If desired, the user may define a function to obtain input, either from the user or from another source (e.g., a database or special I/O device). If the parameter name has the property askfn defined, the function specified for the askfn property will be called to obtain the value; its parameters are the data context and the parameter name. The askfn should return a list of (value cf) pairs, as described above. For example, if an askfn reads a voltage of 4.6 volts from an A/D converter, it should return ((4.6 1.0)) .

   ; Specify the `ask' function for voltage
   (setf (get 'voltage 'askfn) #'readvoltage)

   ; Simulate reading of voltage: 4 volts + 0-1 volts noise
   (defun readvoltage (cntxt parm)
     (list (list (+ 4.0 (random 1.0)) 1.0)) )

In some cases, it may be desirable to ask the user for a value before trying to infer a parameter value using rules. For example, the temperature of a patient will usually be known. If the askfirst property is defined with a non-nil value for a parameter name, then the user will be asked for a value before rules to infer the parameter are tried.

   (setf (get 'temperature 'askfirst) t)

Escaping to Lisp

An important feature of an expert system tool is the ability to escape from it into the underlying programming language to perform computations that are not easily supported by the tool.

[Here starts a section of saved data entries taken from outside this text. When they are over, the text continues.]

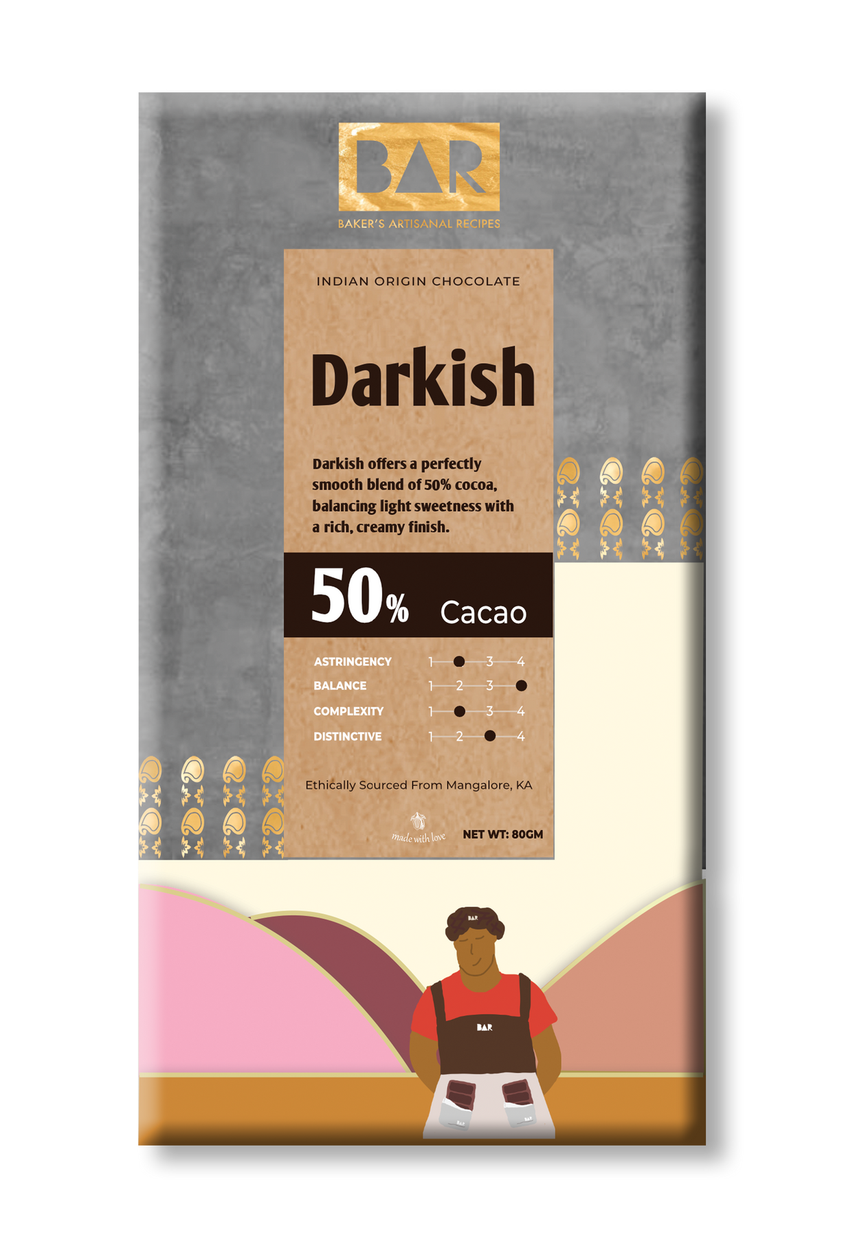 BAR Darkish 50% – Mangalore Origin Dark Chocolate – 80 gm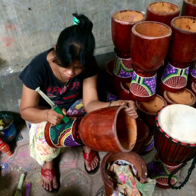 Ketika sedang putar-putar mencari Pusat Kerajinan Batok Kelapa, kami justru menemukan Kampung Wisata Kendang Sentul. Walaupun tidak di tempat tujuan, kami semua tidak kecewa. Karena tempat itu juga salah satu tempat wisata kerajinan yang menjadi pilihan tujuan kami walaupun bukan yang utama. Warga di kampung ini memproduksi aneka kerajinan kayu, utamanya Jimbe. Jimbe itu alat musik pukul yang seperti kendang, bentuknya seperti yang ada di foto atas inj. Tapi tidak hanya jimbe atau kendang sentul saja yang dibuat. Ada juga berbagai alat musik lain seperti xylophone kecil, marakas, mainan anak, alat terapi, alat pemijat, dll.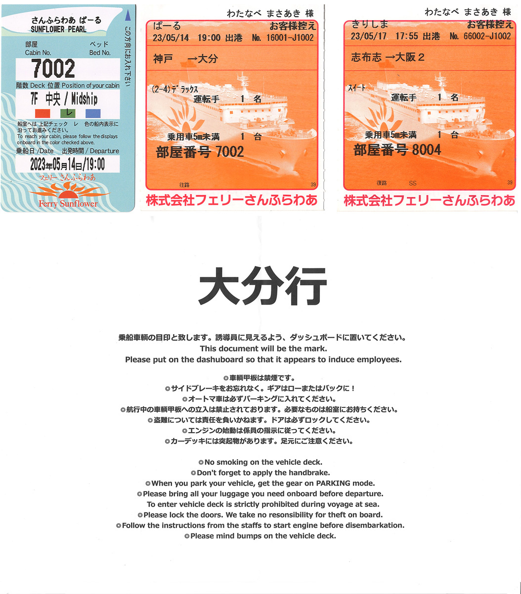 ![]() 乗船券と部屋のカードキーです。右は帰りの乗船券です。帰りはカードキーではなくICカードだったので回収されてしまいました。下はダッシュボードに置いておく行き先の紙です。もう検温も無いので昨年のようなヒヤヒヤもありません。 |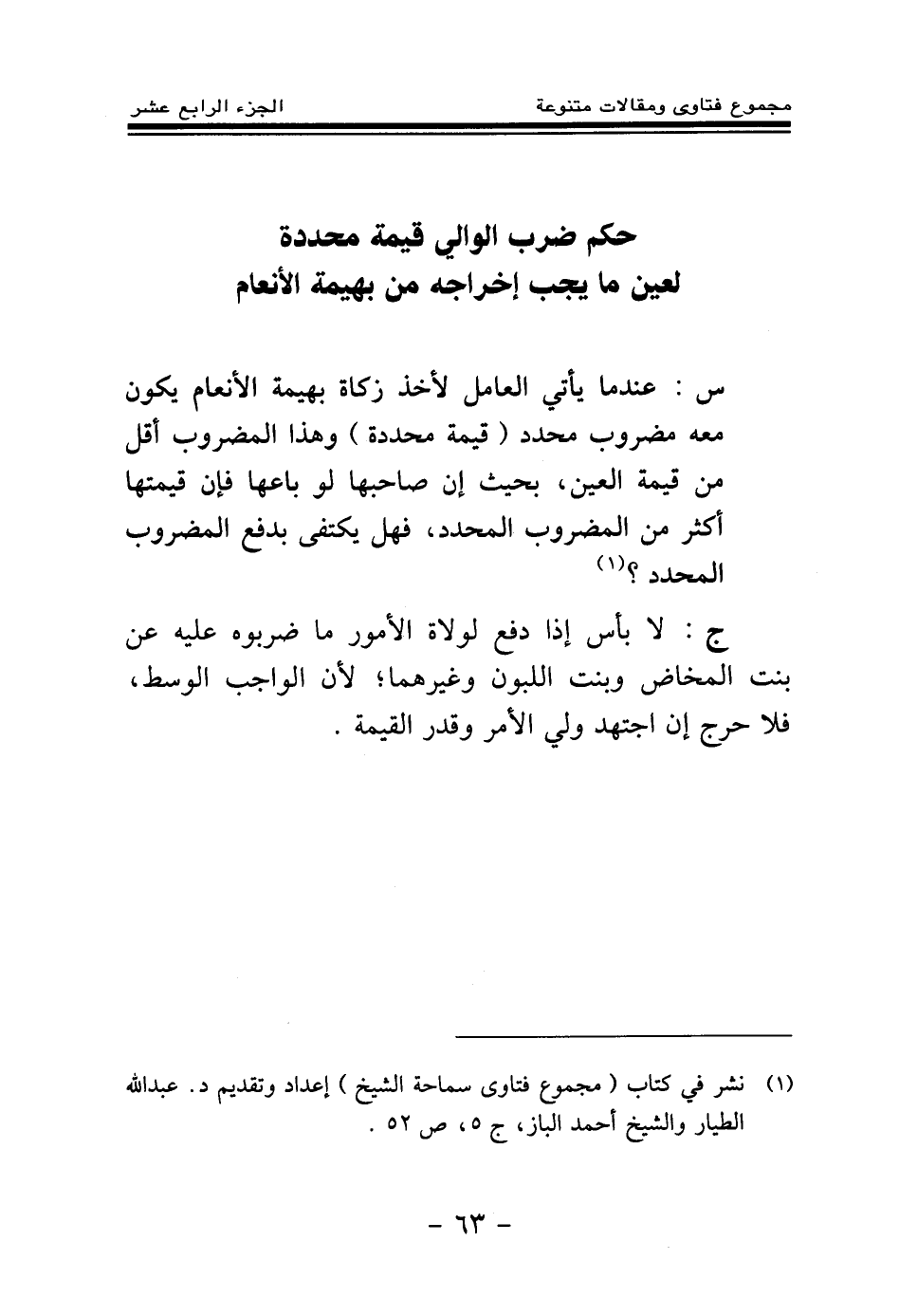 ج: لا بأس إذا دفع لولاة الأمور ما ضربوه عليه عن بنت المخاض وبنت اللبون وغيرهما؛ لأن الواجب الوسط، فلا حرج إن اجتهد ولي الأمر وقدر القيمة.

TMYCIN provides several places at which an expert system application can escape into Lisp.

Special Input Functions

As mentioned above, it is possible to put a function name on the property list of a parameter name as the value of the askfn property. This will cause that function to be called for input of that parameter rather than asking the user for the value. This allows some or all of the input data used by the expert system to be gotten from other sources, such as databases, data files, or special input devices. If desired, the parameters could also be specified as askfirst parameters so that data will be obtained for them before the consultation begins.

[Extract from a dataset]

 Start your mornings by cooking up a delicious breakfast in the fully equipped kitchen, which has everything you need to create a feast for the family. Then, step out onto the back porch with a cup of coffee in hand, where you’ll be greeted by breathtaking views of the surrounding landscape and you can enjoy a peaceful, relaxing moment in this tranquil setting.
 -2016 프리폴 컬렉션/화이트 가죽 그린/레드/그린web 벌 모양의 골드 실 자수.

Functions in Rule Premises

A call to an arbitrary function can be included in the premise of a rule. Such a function may use the global variable cntxt to refer to the current data context. The function should return a value which is a certainty factor (a number from -1.0 to 1.0), or nil to indicate failure. Consult the existing predicate functions for examples. If no value is known for a parameter and the global variable *prescan* is non-nil, the value 1.0 should be returned.

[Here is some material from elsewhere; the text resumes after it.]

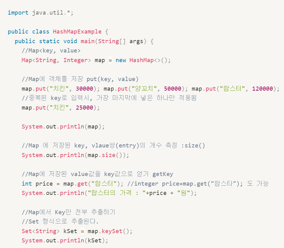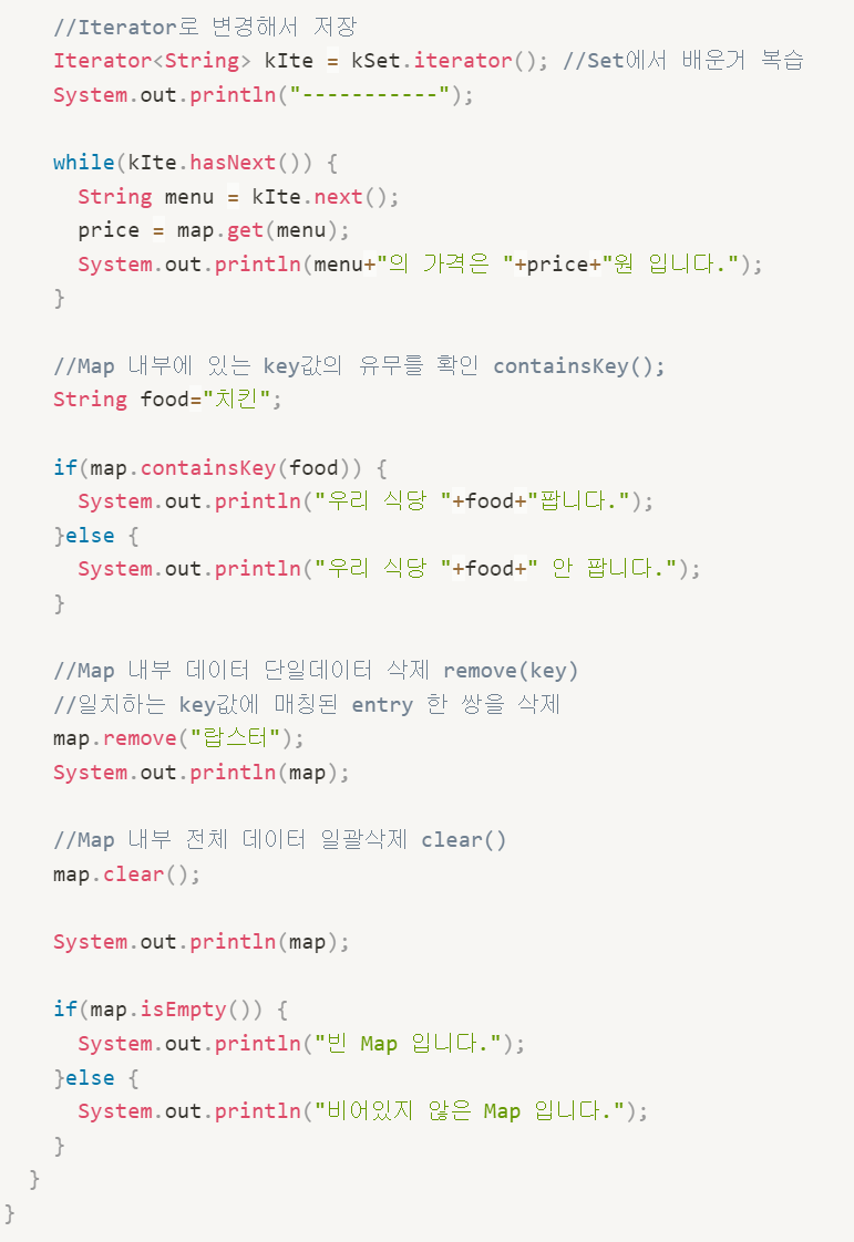 - keySet(): 저장된 모든 키를 Set객체에 담아서 리턴.

Calculations in Rule Conclusions

If the part of a conclude call is a single atom (symbol), it is treated as if it were quoted:
   (conclude cntxt identity coal tally 400)
In this case, coal is treated as a quoted value. However, if the value is a list, it is evaluated; this allows calculations to be performed in the conclusion part of a rule. The function val1 can be used to get parameter values.
   (rule107 ($and (same cntxt shape circle)
                  (known cntxt radius))
            (conclude cntxt area 
                      (* 3.14159
                         (expt (val1 cntxt radius) 2))
                      tally 1000))

Calculations in Rule Certainty Factors

In some cases, it is desirable to use data values in calculating certainty factors. For example, suppose that a physician expert specifies that lung cancer is ruled out for patients less than 20 years old, and is to be linearly weighted negatively for patients from 20 to 30 years old.
   (rule112 (lesseq* (val1 cntxt age) 30)
            (conclude cntxt diagnosis lung-cancer
                      tally (if (< (val1 cntxt age) 20)
                                -1000
                                (* (- 30 (val1 cntxt age))
                                   -100))) )

Calling Functions From Conclusion

It is sometimes useful to call user functions in the conclusion part of a rule. The function do-all is used to perform multiple actions in the conclusion part of a rule. By putting both a conclude call and a call to a user function within the do-all, the user function can be called when the rule fires. At least one conclude call is needed in order to cause the rule to be considered during backchaining; the parameter that is concluded should either be a goal parameter or one that will be traced in seeking the value of a goal parameter.
   (rule109 ($and (same cntxt smoke yes)
                  (same cntxt heat yes))
            (do-all (conclude cntxt problem fire tally 800)
                    (sound-fire-alarm-fn)))

Notes on Using TMYCIN

Deleting Rules

In most cases, when a rule is edited and defined again using defrules, no further action is necessary. However, if the rule conclusion is changed so that it no longer concludes the same parameter, or if the rule is to be deleted entirely, special action is necessary. The reason for this is that rules are indexed so that each parameter has a list of the rules that conclude it; if a rule is to be deleted, it must be removed from this list.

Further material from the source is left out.